GenericSeriesParser._parse_fast() uses C++ bulk tag extraction for
files with 100+ pages, enabling the 41x series parsing speedup.
Supported formats: OME-TIFF, ImageJ, LSM, SVS, SCN, NDPI, BIF, Philips, QPI, STK, FluoView, ScanImage, MicroManager, NDTiff, NIH, EER, MDGEL, AVS, SIS, and generic/shaped/uniform fallbacks.
All original tifffile features are preserved:
- Read/write TIFF, BigTIFF, OME-TIFF, ImageJ hyperstacks
- 20+ proprietary format readers (microscopy, pathology, remote sensing)
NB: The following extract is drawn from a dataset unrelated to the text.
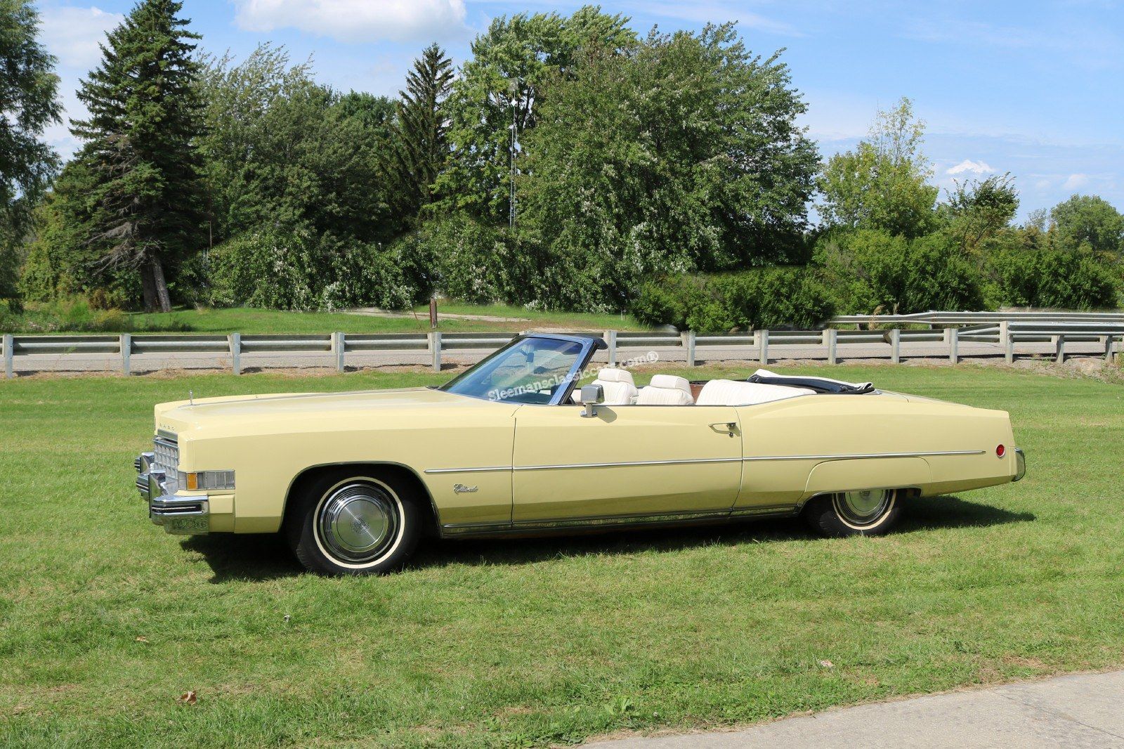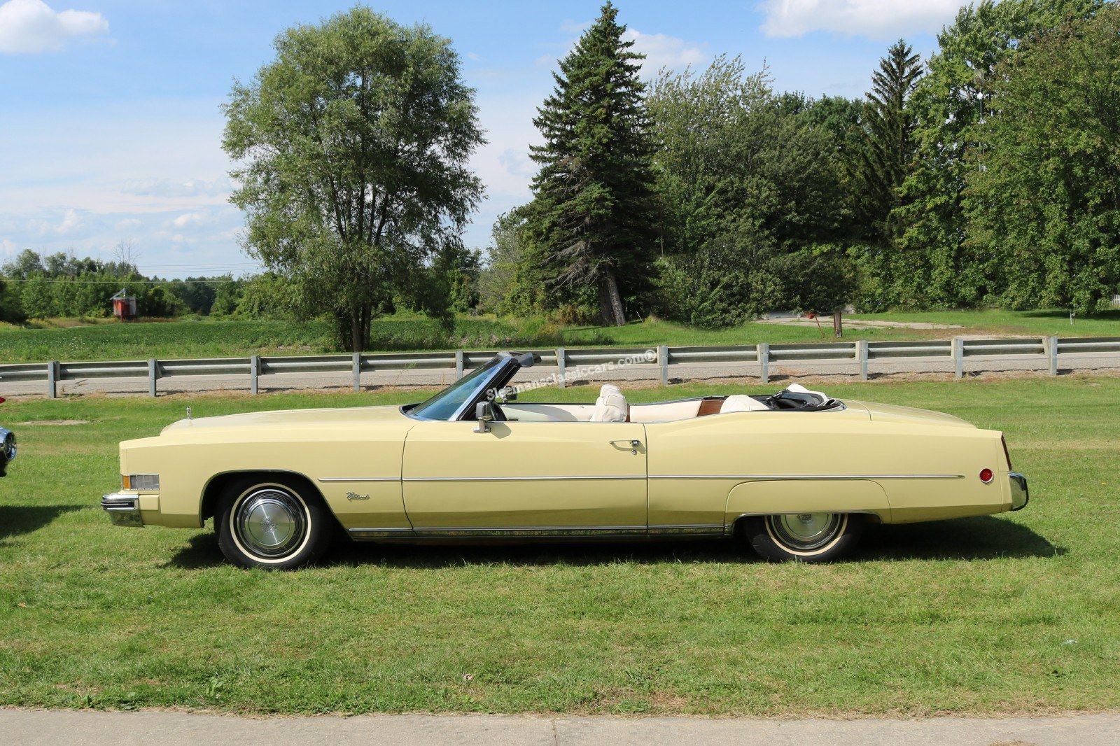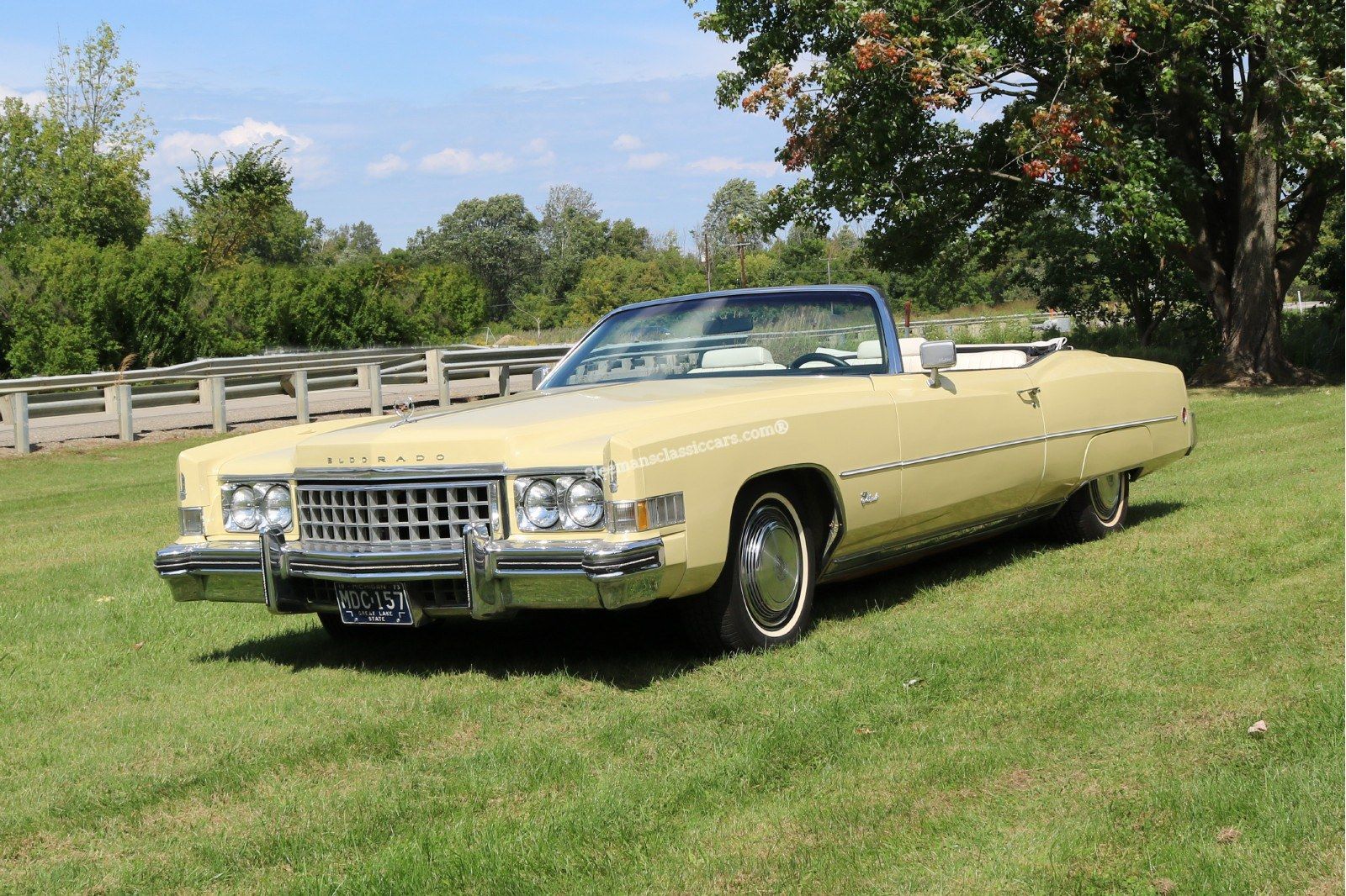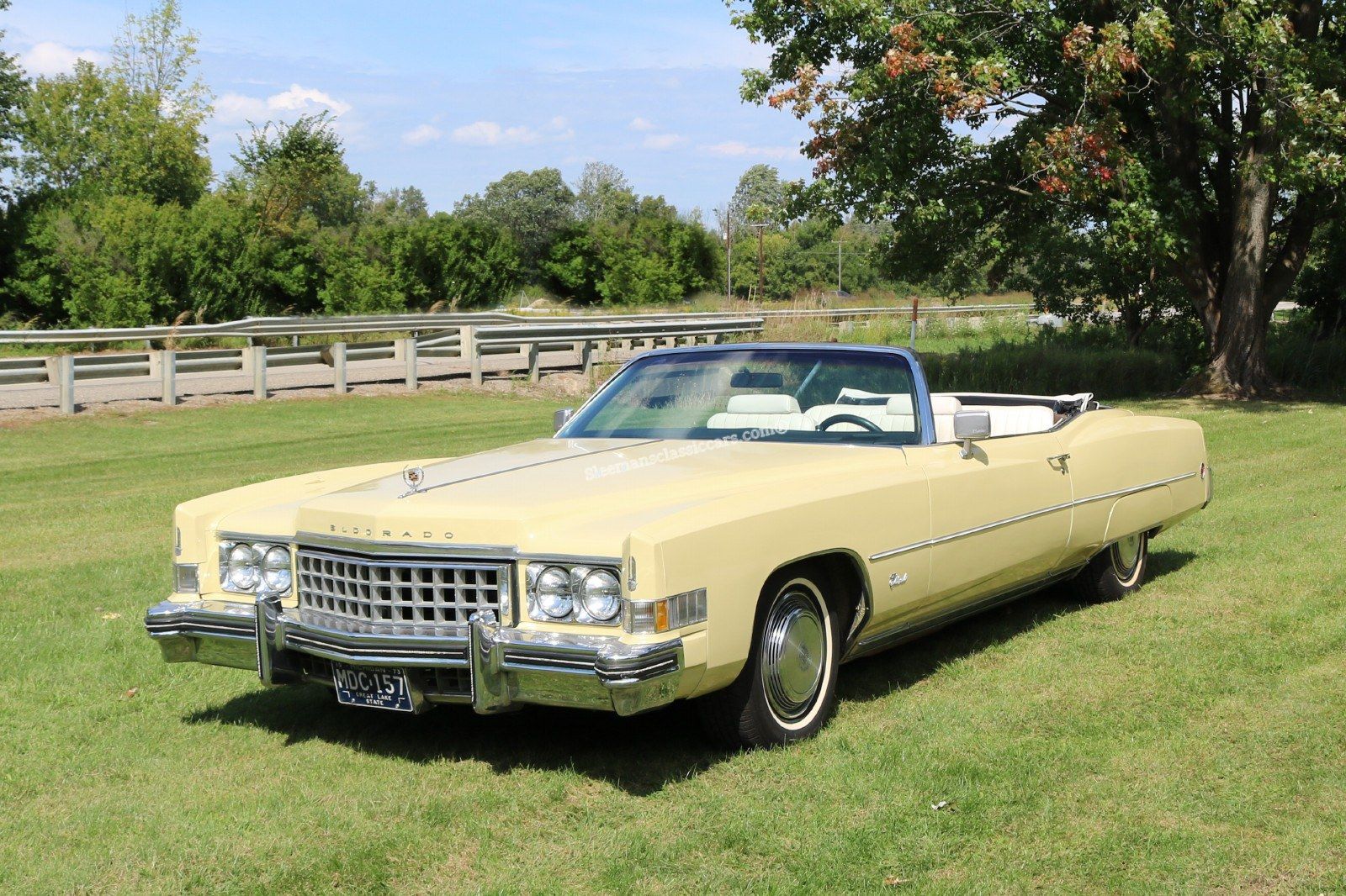 1973 Cadillac Eldorado convertible. / Clear Title. / 2nd owner. / Comes with Original Window Sticker and Bill of sale. / Low miles. / Clean/Solid/Strong. / Correct 500ci. / 4V. / Harvest Yellow paint. / White leather interior. /Power Brakes. / Power steering. / Air Conditioning. / Power Top. / Levelers. / New white boot in bag. / and so much more.

- 30+ compression codecs via imagecodecs
- Zarr store integration, fsspec ReferenceFileSystem
- Multi-page, volumetric, pyramidal, tiled, memory-mappable I/O
- Tag inspection, patching, and multi-dimensional file sequences
For the full original documentation, examples, and API reference, see the upstream project.
Install from PyPI (includes pre-built C++ extension for Linux, macOS, Windows):
pip install tifx
Or install from source (requires C++17 compiler):
pip install . --no-build-isolation
The Python import name is tifffile (not tifx), so existing code
works unchanged:
python -c "import tifffile; help(tifffile)"
- CPython 3.11+
- NumPy 2.0+
- Imagecodecs (required for encoding or decoding compressed segments)
Optional:
- C++17 compiler + CMake + scikit-build-core + nanobind (for C++ extension)
- PyTorch (for GPU support)
- pycolmap (for camera calibration pycolmap bridge)
Original tifffile library by Christoph Gohlke (GitHub, DOI: 10.5281/zenodo.6795860). Original code licensed under BSD-3-Clause. New modules licensed under MIT. See LICENSE for details.